FOREIGN MINISTER MUASHER: This is not a political issue and this is an issue having to do with scientific cooperation. The fact that we are doing this does not mean that we don't have political differences with Israel. We do. And we have been very frank whenever we had political differences.

But I think it is also important to advance other areas of cooperation, where needed, and this is one of them that is being done not only with Israel, but in conjunction with some very respectable American institutions, Stanford and Columbia, for that matter.


QUESTION: Dr. Muasher, can you expand on some of the unanswered questions that you have about the Sharon plan and how you think that it might present an opportunity?

And, Secretary Powell, you also said you have some things that you'd like to get more clarification on, if you could talk about that.

FOREIGN MINISTER MUASHER: Well, it's important to know whether this will be a full withdrawal from Gaza or not, whether this would be in connection with other withdrawals from the settlements in the West Bank, whether this is going to be done in the context of the roadmap or as a replacement to it.

There are many questions that need to be answered here, and I think that if they are answered in the proper way that we are going to have an opportunity to finally move the roadmap forward. But this is not an issue that should be done without coordination with all the respected parties, including with the Quartet.

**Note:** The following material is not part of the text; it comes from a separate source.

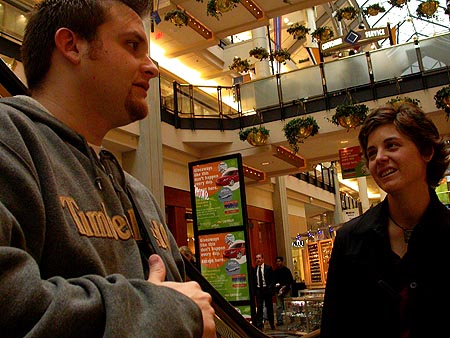 very soon it will be 4am and i will probably go to sleep after working an 18 hour day. i am exhausted to the point of delirium after animating 40 appliances. it's difficult to move around, i can really feel the force of gravity pulling me down to the ground. as tired as i am, i am also relieved that i finally finished, and now i'm feeling some of that post-project high (a bit premature though, i still have to tie up some strings tomorrow, but the bulk of the work is done, until the next deadline that is). i wasn't entirely working the whole 18 hours however; i went with julie to the galleria mall around noontime to play around with the macs at the apple store. judging by how crowded the place was, you'd think everyone was using a mac. i've decided that if i ever have $3000 to spend, i'm going to buy an apple 30" cinema display. that monitor is so beautiful and large that i think i will be dreaming about it tonight and many nights to come. we also ran into joel, walking around the mall on his lunch break from jury duty.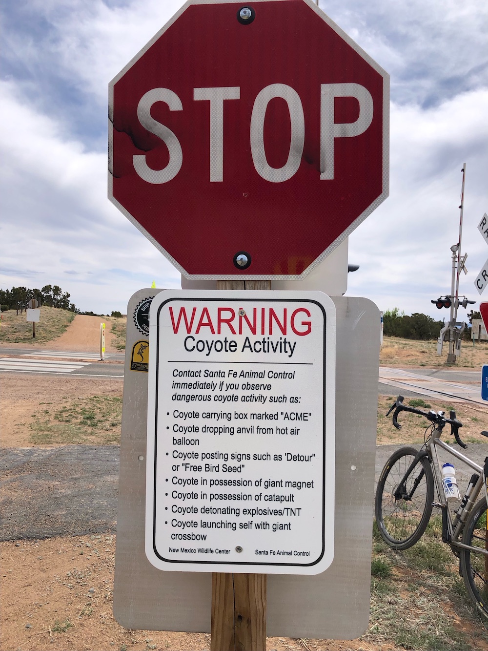 A tip of the Mad Dog’s ACME sun helmet goes out to Khal S. for finding this bit of signage along the Rail Trail in Fanta Fe.

SECRETARY POWELL: I think the Minister covered it all, as well as after the withdrawal of the settlements and the Israeli forces, what will be the arrangement in Gaza? Will the Palestinian Authority be prepared for the task of managing the region? So there are a lot of questions of this nature, and I would certainly endorse what the Foreign Minister said.

Yes, sir.

QUESTION: Dr. Muasher, Prime Minister Sharon today said that he's looking forward to an upcoming meeting with His Majesty King Abdullah. Could you tell us a little bit more on that? Could you expand on that?

FOREIGN MINISTER MUASHER: There are no plans so far to meet with Prime Minister Sharon. This is not to say that His Majesty is not ready to meet with him; anytime we feel that a meeting is going to help move the peace process forward, we are ready to do this.